A table of past Leaders of the Opposition is below. The table begins in 1891, when the first real political party (the Liberals) was founded. Those who also served as Prime Minister, either before or after being Leader of the Opposition, are indicated.

Name Served
as PM
Took Office Left Office Party
1 John Bryce - 23 June 1891 31 August 1891 None
2 William Rolleston - 31 August 1891 8 November 1893 None
3 William Russell - June 1894 3 July 1901 None
4 William Massey yes 11 September 1903 February 1909 None
William Massey, continued yes February 1909 10 July 1912 Reform
5 Joseph Ward*, 1st time yes 10 July 1912 27 November 1919 Liberal
6 William MacDonald - 21 January 1920 31 August 1920 Liberal
7 Thomas Wilford - 8 September 1920 13 August 1925 Liberal
8 George William Forbes, 1st time yes 13 August 1925 14 October 1925 Liberal
9 Harry Holland, 1st time - 16 June 1926 18 October 1928 Labour
Joseph Ward, 2nd time yes 4 December 1928 10 December 1928 United (Liberal)
10 Gordon Coates yes 10 December 1928 22 September 1931 Reform
Harry Holland, 2nd time - 22 September 1931 8 October 1933 Labour
11 Michael Joseph Savage yes 12 October 1933 6 December 1935 Labour
George William Forbes, 2nd time yes 6 December 1935 2 November 1936 United/Reform ("National")

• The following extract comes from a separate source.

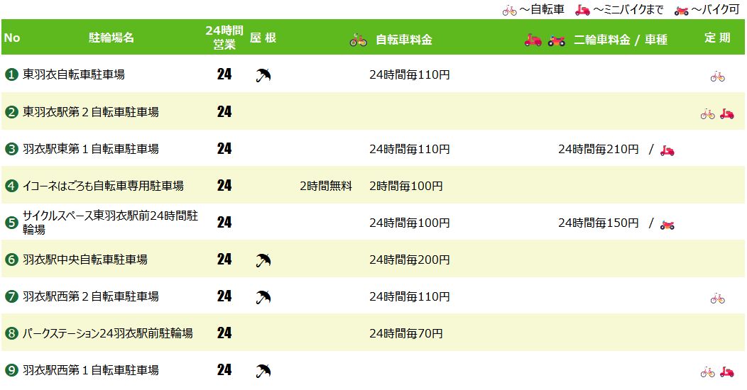 羽衣駅・東羽衣駅の駐輪場マップ&料金リスト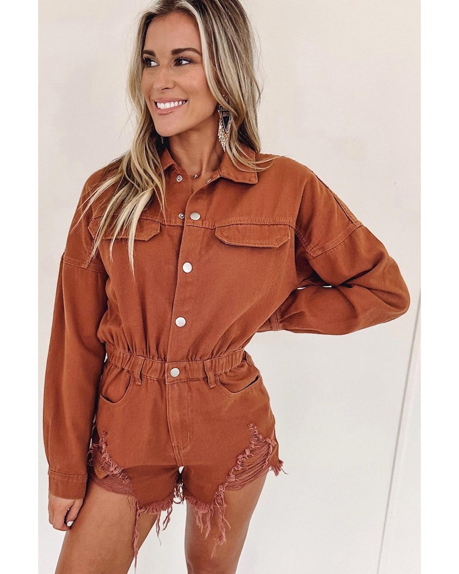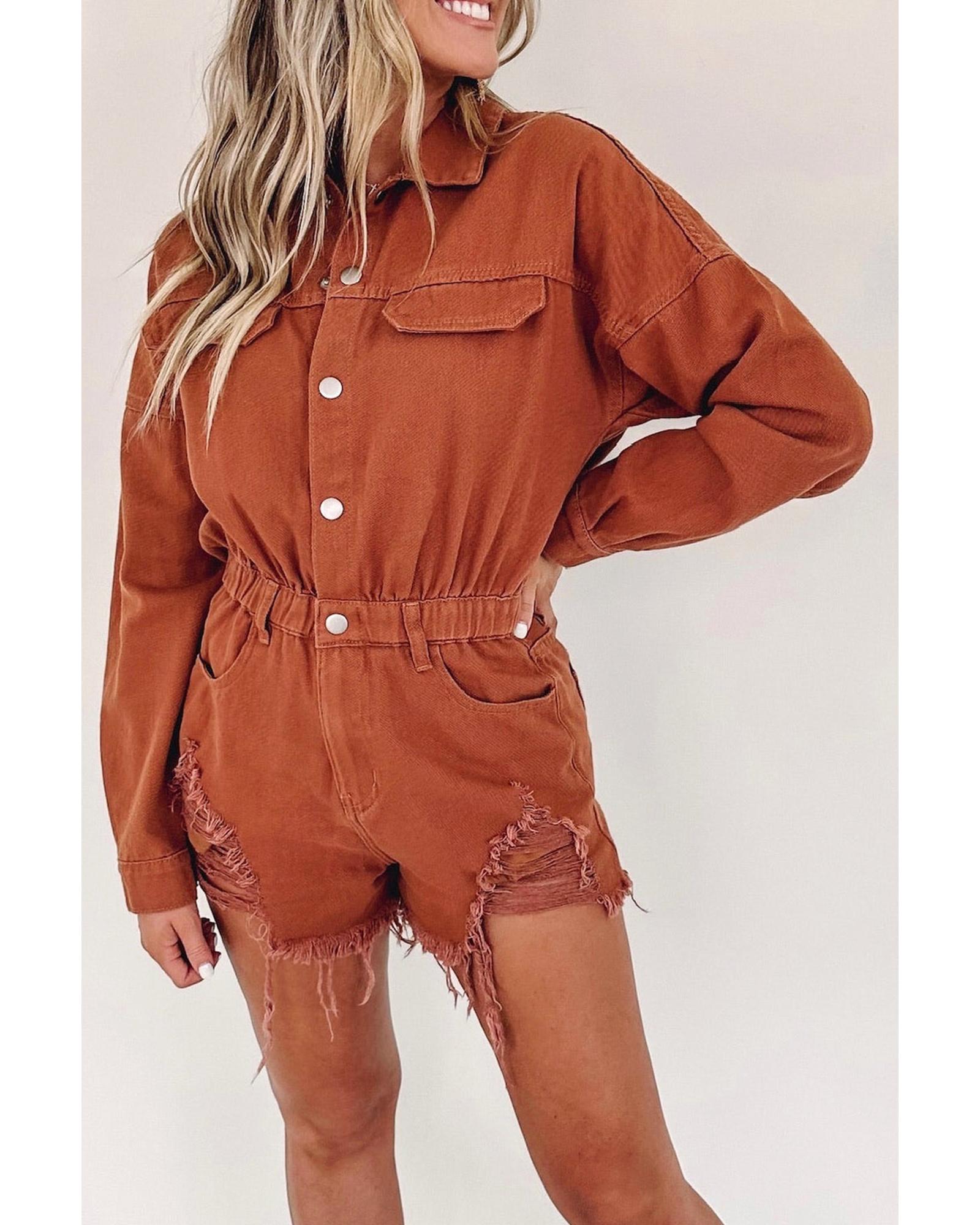 Gold Flame Long Sleeve Snap Buttons Distressed Denim Romper – XL

12 Adam Hamilton - 2 November 1936 26 November 1940 National
13 Sidney Holland yes 26 November 1940 13 December 1949 National
14 Peter Fraser yes 13 December 1949 12 December 1950 Labour
15 Walter Nash, 1st time yes 17 January 1951 12 December 1957 Labour
16 Keith Holyoake yes 12 December 1957 12 December 1960 National
Walter Nash, 2nd time yes 12 December 1960 31 March 1963 Labour
17 Arnold Nordmeyer - 1 April 1963 16 December 1965 Labour
18 Norman Kirk yes 16 December 1965 8 December 1972 Labour
19 Jack Marshall yes 8 December 1972 4 July 1974 National
20 Robert Muldoon, 1st time yes 4 July 1974 12 December 1975 National
21 Bill Rowling yes 12 December 1975 1982 Labour
22 David Lange yes 1982 26 July 1984 Labour
Robert Muldoon, 2nd time yes 26 July 1984 November 1984 National
23 Jim McLay - November 1984 26 March 1986 National
24 Jim Bolger yes 26 March 1986 2 November 1990 National
25 Mike Moore yes 2 November 1990 1993 Labour
26 Helen Clark yes 1993 5 December 1999 Labour
27 Jenny Shipley yes 5 December 1999 8 October 2001 National
28 Bill English - 8 October 2001 28 October 2003 National
29 Don Brash - 28 October 2003 (present) National


* From 4 August 1915 to 21 August 1919, the Reform Party and the Liberal Party formed a joint wartime coalition. However, Joseph Ward of the Liberals officially remained "Leader of the Opposition", even though he was actually part of the government.